Start of Data for review

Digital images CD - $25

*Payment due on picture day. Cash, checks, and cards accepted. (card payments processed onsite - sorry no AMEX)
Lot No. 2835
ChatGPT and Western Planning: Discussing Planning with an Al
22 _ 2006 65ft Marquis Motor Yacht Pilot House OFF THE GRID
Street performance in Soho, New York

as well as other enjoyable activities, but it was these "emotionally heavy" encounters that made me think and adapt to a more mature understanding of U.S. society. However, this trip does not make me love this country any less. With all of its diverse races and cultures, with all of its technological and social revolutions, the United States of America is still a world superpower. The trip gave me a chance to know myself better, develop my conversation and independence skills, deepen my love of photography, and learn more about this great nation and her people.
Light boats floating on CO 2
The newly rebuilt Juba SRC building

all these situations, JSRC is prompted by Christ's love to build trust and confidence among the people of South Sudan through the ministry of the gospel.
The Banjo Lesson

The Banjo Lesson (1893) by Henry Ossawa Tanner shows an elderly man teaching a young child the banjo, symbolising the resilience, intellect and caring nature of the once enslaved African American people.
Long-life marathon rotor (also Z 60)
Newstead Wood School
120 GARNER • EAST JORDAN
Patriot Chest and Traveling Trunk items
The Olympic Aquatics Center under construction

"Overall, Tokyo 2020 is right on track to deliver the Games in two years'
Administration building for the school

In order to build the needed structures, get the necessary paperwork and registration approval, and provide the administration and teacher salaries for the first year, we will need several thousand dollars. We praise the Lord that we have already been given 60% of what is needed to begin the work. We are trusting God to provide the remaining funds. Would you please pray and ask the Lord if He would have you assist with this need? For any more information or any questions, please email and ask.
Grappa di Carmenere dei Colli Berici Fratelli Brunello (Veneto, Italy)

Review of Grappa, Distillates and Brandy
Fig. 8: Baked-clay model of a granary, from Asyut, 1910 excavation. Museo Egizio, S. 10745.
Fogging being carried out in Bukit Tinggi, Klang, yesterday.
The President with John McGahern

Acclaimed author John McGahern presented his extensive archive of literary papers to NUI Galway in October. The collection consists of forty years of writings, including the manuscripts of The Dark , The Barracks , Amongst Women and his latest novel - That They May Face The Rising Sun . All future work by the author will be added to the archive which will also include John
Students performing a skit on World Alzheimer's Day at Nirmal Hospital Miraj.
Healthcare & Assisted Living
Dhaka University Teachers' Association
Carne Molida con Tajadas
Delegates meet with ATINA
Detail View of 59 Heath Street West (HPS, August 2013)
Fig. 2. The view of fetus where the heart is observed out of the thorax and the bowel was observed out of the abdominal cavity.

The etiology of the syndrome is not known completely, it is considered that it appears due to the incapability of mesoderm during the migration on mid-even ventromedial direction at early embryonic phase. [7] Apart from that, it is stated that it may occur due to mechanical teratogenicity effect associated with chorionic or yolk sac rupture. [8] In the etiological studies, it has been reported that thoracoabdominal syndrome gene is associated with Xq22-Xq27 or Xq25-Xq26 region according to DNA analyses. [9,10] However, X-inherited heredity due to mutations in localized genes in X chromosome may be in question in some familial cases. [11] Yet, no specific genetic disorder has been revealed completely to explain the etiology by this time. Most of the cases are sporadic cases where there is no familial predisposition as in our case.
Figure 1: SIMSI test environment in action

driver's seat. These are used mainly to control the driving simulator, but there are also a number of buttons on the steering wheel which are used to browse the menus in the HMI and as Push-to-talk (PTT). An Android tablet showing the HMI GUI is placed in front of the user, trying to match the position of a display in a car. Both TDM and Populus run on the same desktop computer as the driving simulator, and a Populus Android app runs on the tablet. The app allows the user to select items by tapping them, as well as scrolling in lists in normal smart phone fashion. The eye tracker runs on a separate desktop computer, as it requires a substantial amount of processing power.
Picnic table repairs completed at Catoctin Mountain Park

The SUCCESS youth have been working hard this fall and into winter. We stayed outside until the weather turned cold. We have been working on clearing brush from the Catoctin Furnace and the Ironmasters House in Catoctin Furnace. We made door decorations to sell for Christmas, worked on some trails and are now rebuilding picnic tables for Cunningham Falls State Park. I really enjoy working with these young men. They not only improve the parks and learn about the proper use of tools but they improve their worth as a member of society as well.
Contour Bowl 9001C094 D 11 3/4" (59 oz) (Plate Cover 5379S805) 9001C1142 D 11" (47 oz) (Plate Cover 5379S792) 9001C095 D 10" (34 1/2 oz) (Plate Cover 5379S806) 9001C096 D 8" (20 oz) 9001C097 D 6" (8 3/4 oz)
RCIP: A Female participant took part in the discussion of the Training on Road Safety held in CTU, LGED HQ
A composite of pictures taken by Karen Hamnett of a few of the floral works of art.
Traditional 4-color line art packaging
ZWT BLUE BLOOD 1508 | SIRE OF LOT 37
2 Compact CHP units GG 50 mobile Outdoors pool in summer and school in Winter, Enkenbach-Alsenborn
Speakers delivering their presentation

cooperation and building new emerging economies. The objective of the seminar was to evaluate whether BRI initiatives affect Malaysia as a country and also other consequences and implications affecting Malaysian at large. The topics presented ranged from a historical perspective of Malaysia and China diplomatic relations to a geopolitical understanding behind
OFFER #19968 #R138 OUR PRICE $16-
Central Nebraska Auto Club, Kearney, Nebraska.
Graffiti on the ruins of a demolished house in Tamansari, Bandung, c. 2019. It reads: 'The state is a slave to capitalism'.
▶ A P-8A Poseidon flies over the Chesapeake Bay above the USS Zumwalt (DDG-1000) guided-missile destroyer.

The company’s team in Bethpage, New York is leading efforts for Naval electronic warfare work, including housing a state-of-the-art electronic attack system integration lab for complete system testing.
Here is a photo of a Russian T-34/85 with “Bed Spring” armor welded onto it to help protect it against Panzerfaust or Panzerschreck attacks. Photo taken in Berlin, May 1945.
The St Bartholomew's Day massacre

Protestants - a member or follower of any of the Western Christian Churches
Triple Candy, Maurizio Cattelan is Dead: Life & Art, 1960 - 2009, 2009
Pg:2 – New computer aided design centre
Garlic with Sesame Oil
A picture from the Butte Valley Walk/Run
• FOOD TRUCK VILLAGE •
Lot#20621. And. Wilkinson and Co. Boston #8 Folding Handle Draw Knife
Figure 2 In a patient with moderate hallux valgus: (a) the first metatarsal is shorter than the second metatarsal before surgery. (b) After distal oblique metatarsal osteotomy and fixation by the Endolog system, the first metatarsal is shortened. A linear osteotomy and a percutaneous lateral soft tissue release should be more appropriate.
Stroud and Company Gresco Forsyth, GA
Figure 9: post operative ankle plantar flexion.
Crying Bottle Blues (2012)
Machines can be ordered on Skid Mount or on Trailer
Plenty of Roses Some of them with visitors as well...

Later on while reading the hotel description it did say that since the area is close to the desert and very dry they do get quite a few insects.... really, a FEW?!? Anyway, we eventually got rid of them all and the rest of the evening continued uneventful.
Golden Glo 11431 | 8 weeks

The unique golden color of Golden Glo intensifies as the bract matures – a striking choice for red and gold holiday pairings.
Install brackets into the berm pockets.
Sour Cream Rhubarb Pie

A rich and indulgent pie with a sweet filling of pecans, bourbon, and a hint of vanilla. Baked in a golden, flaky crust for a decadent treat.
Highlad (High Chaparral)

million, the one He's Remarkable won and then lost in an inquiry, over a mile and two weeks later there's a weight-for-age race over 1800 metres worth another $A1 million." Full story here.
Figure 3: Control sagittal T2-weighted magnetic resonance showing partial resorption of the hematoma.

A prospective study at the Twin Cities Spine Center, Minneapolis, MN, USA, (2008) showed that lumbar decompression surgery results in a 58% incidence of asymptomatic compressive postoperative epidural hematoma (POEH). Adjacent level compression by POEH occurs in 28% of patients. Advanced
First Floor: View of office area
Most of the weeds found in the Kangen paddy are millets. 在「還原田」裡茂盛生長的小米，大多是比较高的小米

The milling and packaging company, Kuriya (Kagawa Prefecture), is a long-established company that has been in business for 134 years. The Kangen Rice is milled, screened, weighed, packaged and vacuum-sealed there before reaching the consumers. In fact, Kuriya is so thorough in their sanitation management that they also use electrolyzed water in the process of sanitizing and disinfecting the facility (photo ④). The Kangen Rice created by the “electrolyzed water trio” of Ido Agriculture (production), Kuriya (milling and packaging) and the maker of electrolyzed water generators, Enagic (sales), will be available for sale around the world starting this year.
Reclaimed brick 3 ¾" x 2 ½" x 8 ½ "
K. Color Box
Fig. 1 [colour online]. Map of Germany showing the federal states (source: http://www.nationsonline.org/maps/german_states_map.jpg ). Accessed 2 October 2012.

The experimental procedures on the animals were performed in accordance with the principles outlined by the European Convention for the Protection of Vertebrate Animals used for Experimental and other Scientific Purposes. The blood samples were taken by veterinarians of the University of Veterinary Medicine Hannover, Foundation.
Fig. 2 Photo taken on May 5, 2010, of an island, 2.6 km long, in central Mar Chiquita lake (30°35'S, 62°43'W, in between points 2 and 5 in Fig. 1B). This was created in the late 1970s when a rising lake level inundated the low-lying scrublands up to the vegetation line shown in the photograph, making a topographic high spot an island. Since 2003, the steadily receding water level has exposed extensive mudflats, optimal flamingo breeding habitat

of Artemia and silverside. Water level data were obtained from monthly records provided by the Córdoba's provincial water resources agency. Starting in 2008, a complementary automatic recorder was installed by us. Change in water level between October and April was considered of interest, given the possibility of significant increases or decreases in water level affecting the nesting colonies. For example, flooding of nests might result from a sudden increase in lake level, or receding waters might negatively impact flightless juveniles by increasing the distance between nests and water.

End of Data for review

▶ _Directions for this task_
Using the records above, count every line that includes the word "York", and state the number only.

▶ _Response box_
2